Técnicas de comunicação na beira do leito utilizam-se da sutileza de pensar e verbalizar por uma transposição de contexto. É estratégia para dar maior expressividade, um toma de lá para aqui que os extrai  do contexto original de outros saberes e recontextualiza, num empréstimo visando ao efeito didático do esclarecimento. Um final de explicação com tome um comprimido por cinco dias, é tiro e queda traz para a beira do leito o contexto de uma caça bem sucedida… muito embora, eu tenha tido por duas vezes – a tal da lei de Velpeau (Alfred-Armand-Louis-Marie Velpeau, 1795-1867)?- recebido imediatamente o seguinte comentário do paciente: doutor, e se for um tiro no pé e a queda for da minha condição? 

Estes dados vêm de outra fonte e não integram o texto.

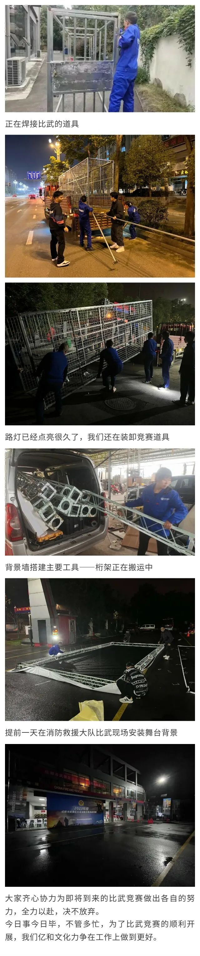 各區(qū)消防救援大隊舉行的社會消防力量技(jì )能(néng)比武競賽的正常開展,億和文(wén)化為(wèi)前期籌備工(gōng)作(zuò)全力以赴。我們安(ān)裝(zhuāng)人員通宵達旦制作(zuò)消防技(jì )能(néng)競賽破拆道具(jù)、搭建桁架、比武道具(jù)等不可(kě)或缺的基礎器材器械,為(wèi)各區(qū)消防救援大隊比武競賽做了強有(yǒu)力的幕後支撐。

Cada médico é instado pelo cotidiano a construir seu estilo de comunicação, sua conexão com o paciente, consciente da influência do modo como se decide a utilizar simbolismos para facilitar o conhecimento pelo leigo de um saber tão complexo, assim contribuindo para a preservação da autonomia e decorrente de fato esclarecido consentimento a ser recebido. Um atestado de não abuso.  

Aspecto fundamental é que o médico por ofício possui grande quantidade de conhecimento especializado distribuído em muitos compartimentos classificatórios e muito desta diversidade é necessária para compor as informações – uma referência etiopatogênica, outra fisiopatológica, outra diagnostica, etc… etc…, que são passíveis de formar labirintos na mente do paciente. Caso o médico não trabalhe sua comunicabilidade, o “discurso” tem chance de deixar conteúdo e ocasião no ar. As decorrentes indefinições têm a desvantagem ética de desvalorizar o exercício genuíno do direito à autonomia pelo paciente na beira do leito.